How to Block AI Agents from Sensitive Files

Your development machine is full of sensitive files. API keys in .env. SSH private keys in ~/.ssh. AWS credentials in ~/.aws. npm tokens in .npmrc. When you give an AI agent write access to your file system, every one of these files is one miscalibrated action away from exposure.

Clawdbot leaked 1.5 million API keys in under a month. The path from "AI agent with file access" to "credentials exposed" is shorter than most people realize.

SafeClaw provides action-level gating for AI agents, including granular file write controls. This guide identifies the sensitive files on your machine and provides concrete SafeClaw rules to deny access to each one.

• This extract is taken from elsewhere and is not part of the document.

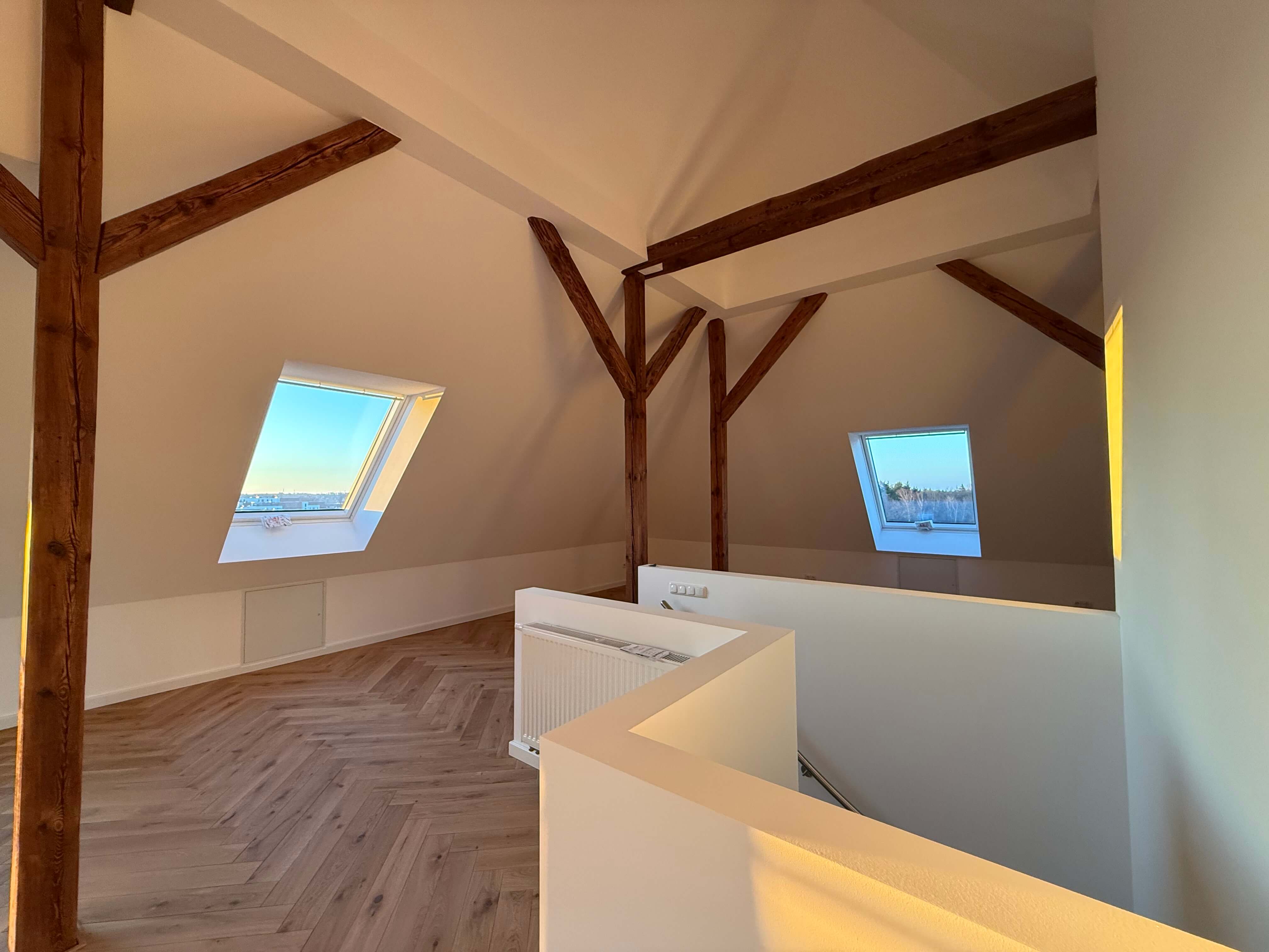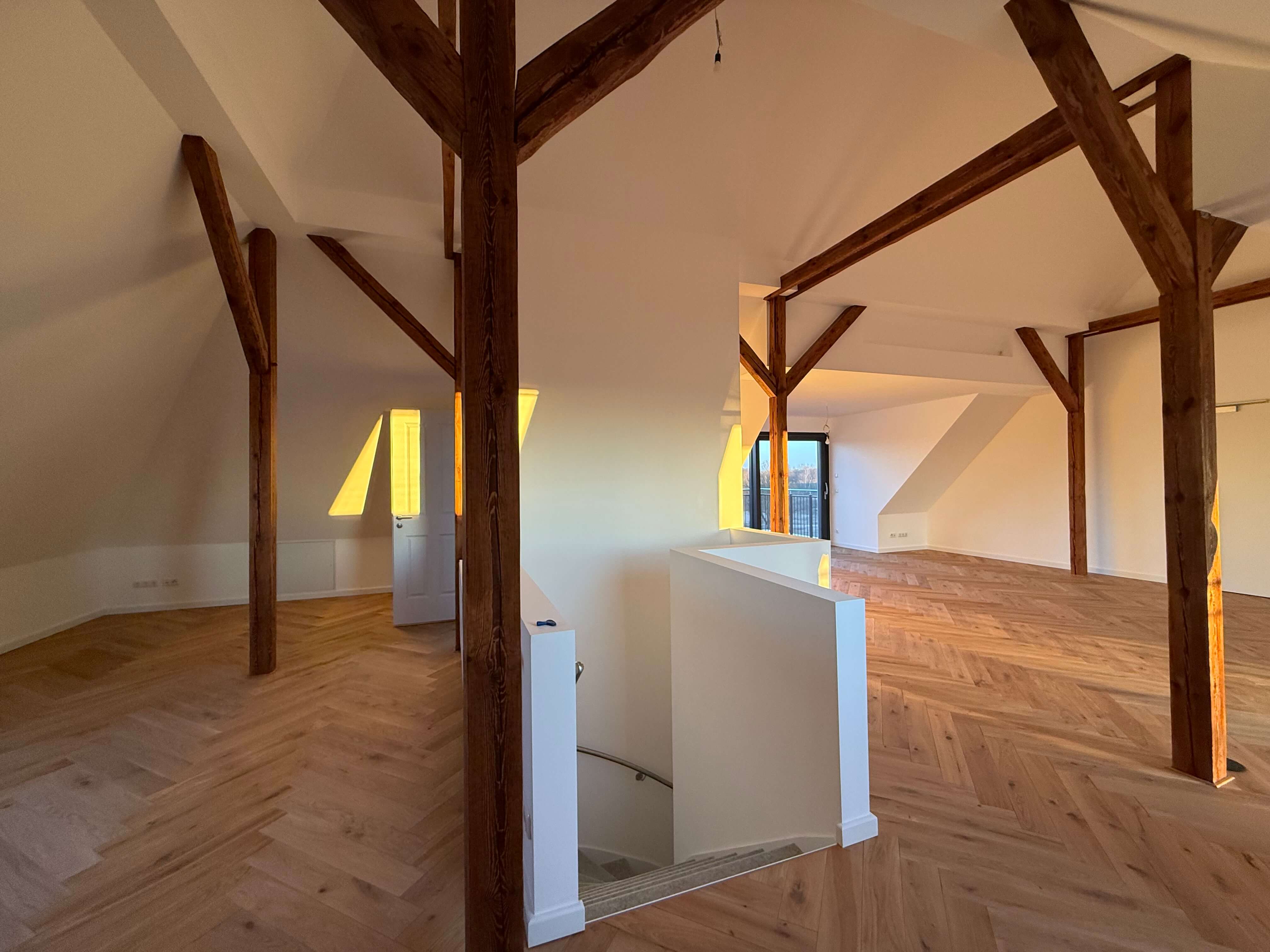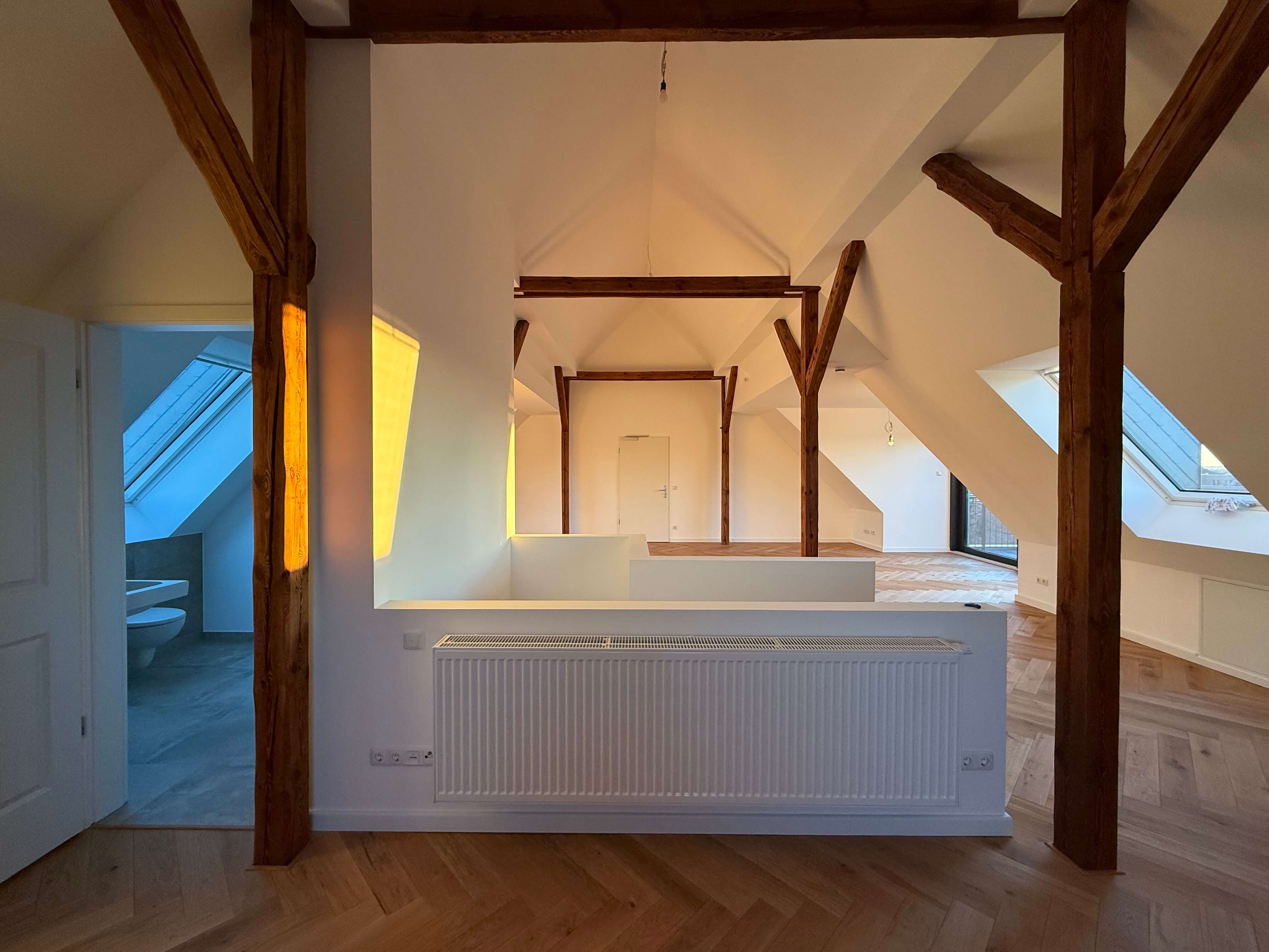 Auf ca. 134 m² entfaltet sich ein Zuhause, das mit hochwertigen Materialien, edlem Fischgrätparkett und einer Ausstattung auf höchstem Niveau begeistert. Die hohen Decken im Dachgeschoss und die frei stehenden Holzbalken schenken der Wohnung einen warmen Loft-Charakter – großzügig, stilvoll und mit genau der richtigen Portion Gemütlichkeit.

Why AI Agents Access Sensitive Files

AI agents do not deliberately seek out your credentials. But they do things like:

Create .env files with placeholder values, potentially overwriting your real secrets
Modify config files that contain embedded credentials
Write to home directory locations where credential files live
Copy or move files as part of project restructuring, inadvertently including sensitive paths

The agent is trying to help. The result can still be catastrophic. A single file write to the wrong path can expose credentials, corrupt key material, or invalidate authentication tokens.

The Complete List of Sensitive Files

Here is every file and directory you should protect, organized by category.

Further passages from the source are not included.